Time after time after time after time, the Doctor's companions had left him. It was never their fault, and yet he couldn't help but blame them for their sentimental value to him. He knew that it was wrong to do so, and yet he still couldn't stop trying to shift the blame, to pass of the responsibility that was rightfully his. And so his hatred of himself grew, simmering beneath the surface, only rising when he lost control of himself. And that is when he became truly dangerous, when he acted without thought of the consequences. He told himself that he'd try harder next time, or that there wouldn't even be a next time, but he always failed. Why did it hurt so much, and why was he afraid to accept the results?
There is nothing to be done. Nothing could ever make this right.
The Doctor rubbed his hands over his wrinkled face, wiping away the last of the moisture that still lingered in the corner of his eyes. He ran his hands through his grey hair and then stood. He had a lot of memories to sort through, and that could not be held off. Or rather, it could be, but the time had passed for cowardice. He was the Doctor, and he saved people. He didn't believe it. He doubted he ever would. But he would do his best to live up to the reputation others had built for him. That Clara had believed so defiantly. He would try. That he could do at least.

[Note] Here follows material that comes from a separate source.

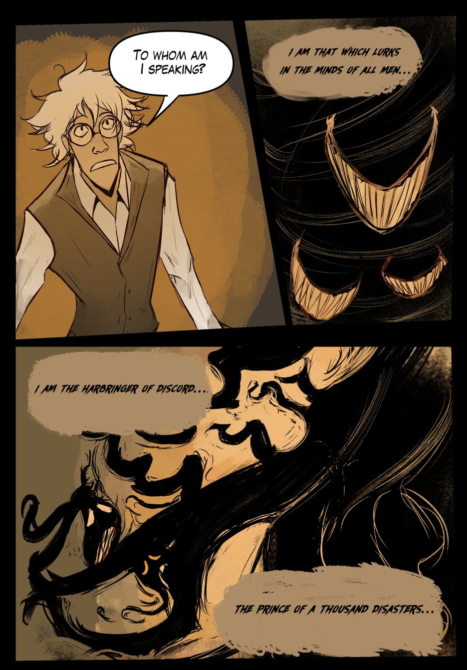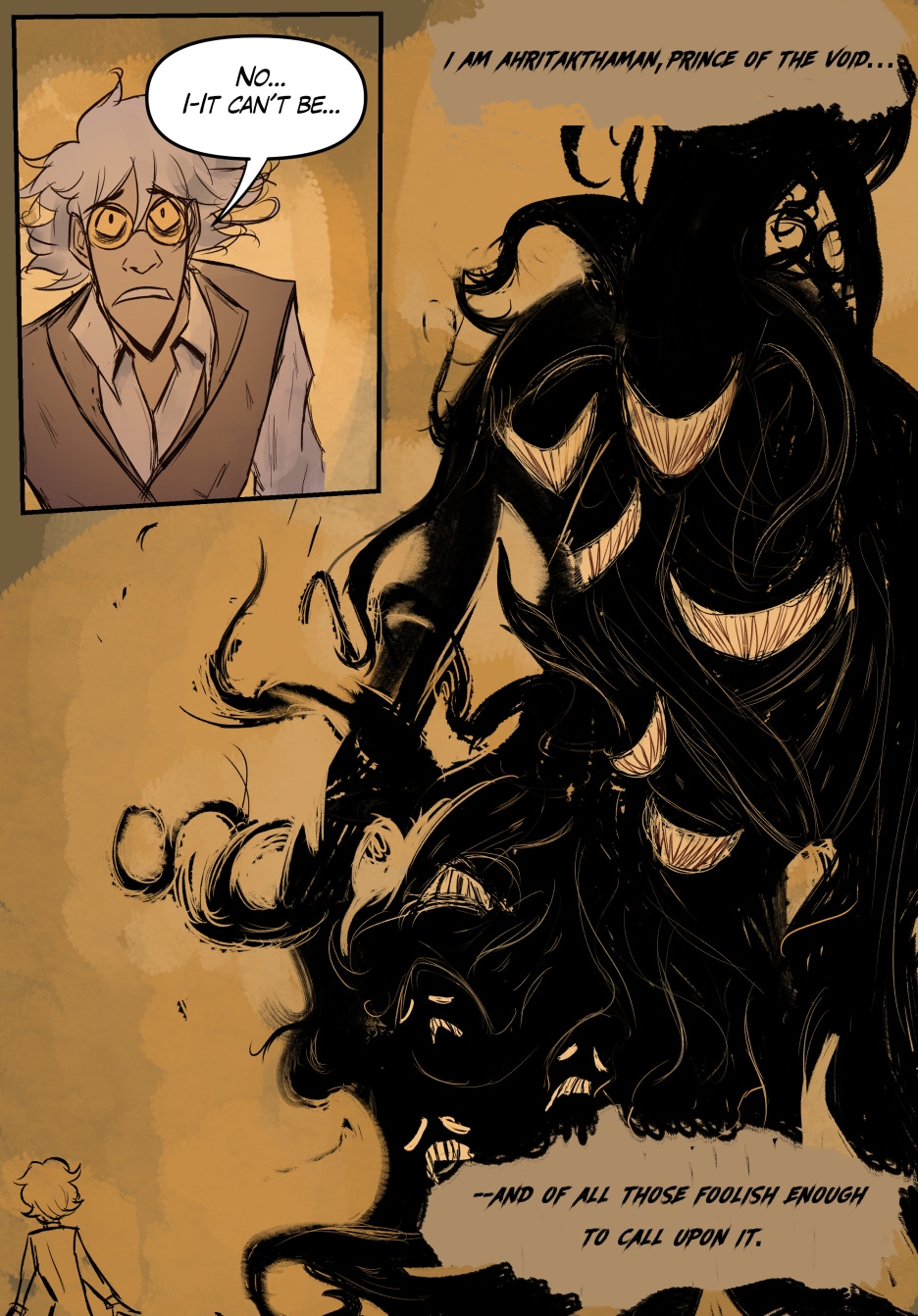 Unfortunately for him, he clumsily ends up summoning Ahritakthaman, the Prince of The Void. Thankfully, he's still able to make a deal with the deity--at a price of course. Now Emile's stuck being Ahritakthaman's servant--encountering eldritch creatures and other wacky cultists in the process.
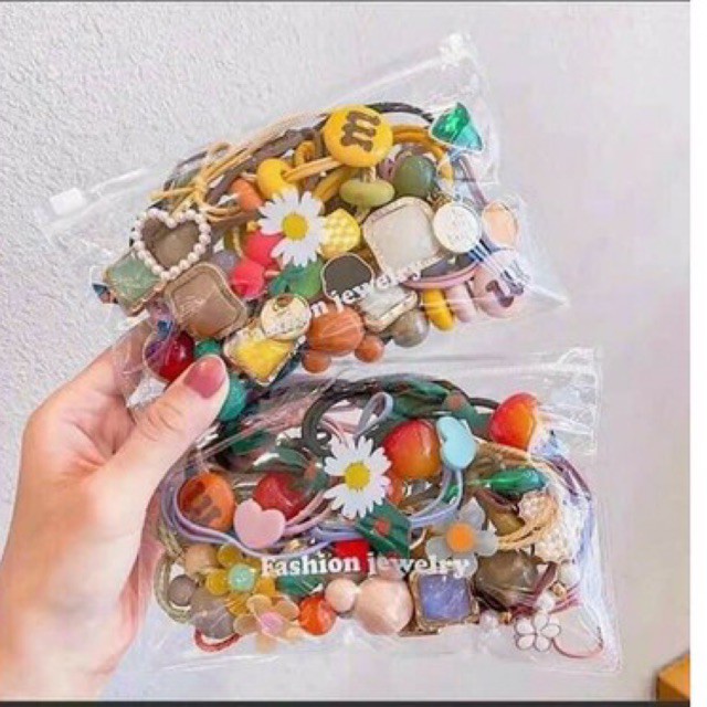 Phụ Kiện Thời Trang > Phụ kiện tóc > Đồ buộc tóc & Nơ || Túi 13 Dây Buộc Tóc Đính Đá Mẫu Mới Về HOT TREND- Kèm túi zip

Clara. Her name was Clara.
With the revelation that the British waitress in the misplaced diner was Clara, also too, came the memories. All of them, all at once. She had been the Impossible Girl once. He'd seen her, not recognising her significance, with all of his different faces, and her image flashed through his mind, each varying slightly as he saw her with changing eyes. Everything they did together, every planet they visited, every Time, everything. He remembered seeing her from three different angles at the same time, when she stopped him from using the Moment to destroy Gallifrey. And look how he'd repaid her, getting her killed, allowing her to die. Even now, she was without a heartbeat.
Why?
There were so many questions that began with why. Too many in reality. Why did Clara have to die? Why couldn't he stop it? Why was it always him? Why couldn't it be someone else for once? These were only a small percentage of the questions that the Doctor could spend hours, days, months, years, decades riddling out, and still not find a concrete answer. It was a pointless exercise that he engaged in nonetheless, even as he knew that it would get him nowhere. But sometimes, the despair took him unawares, and he would spiral downwards, ever downwards. Why, though? He tried so hard to put his past behind him, to make up for past mistakes, but they couldn't let it lie.
I will not accept that I am a failure. You already have.
The problem with arguing with yourself was that you always came up with better arguments for what you knew was the truth. The Doctor knew he was a great liar, one of the most proficient liars in the Universe, and was even skilled in lying to himself. But he could never escape the fact that he knew what was what, even if he'd managed to convince his conscious mind elsewise. The fact that he had failed, yet again, brought to mind all of his other failures, of which far outweighed the good deeds he'd tried so hard to convince were worth the price. They were worth it. They had to be.
I will do what I must. But never again will my hearts shatter.
Finally, the Doctor quelled his racing mind, pushing the chatter back, allowing it to mutter to itself, slowly descending into further insanity. He would face that later. Or not at all. Standing, he slowly re-buttoned his velvet jacket, the one Clara had said she was so fond of. His long fingers lingered on the buttons that lined his sleeves, and he remembered, but he did not pause. He had made his decision, and he would see it through to the end. He would not bend, he would not break. Not this time.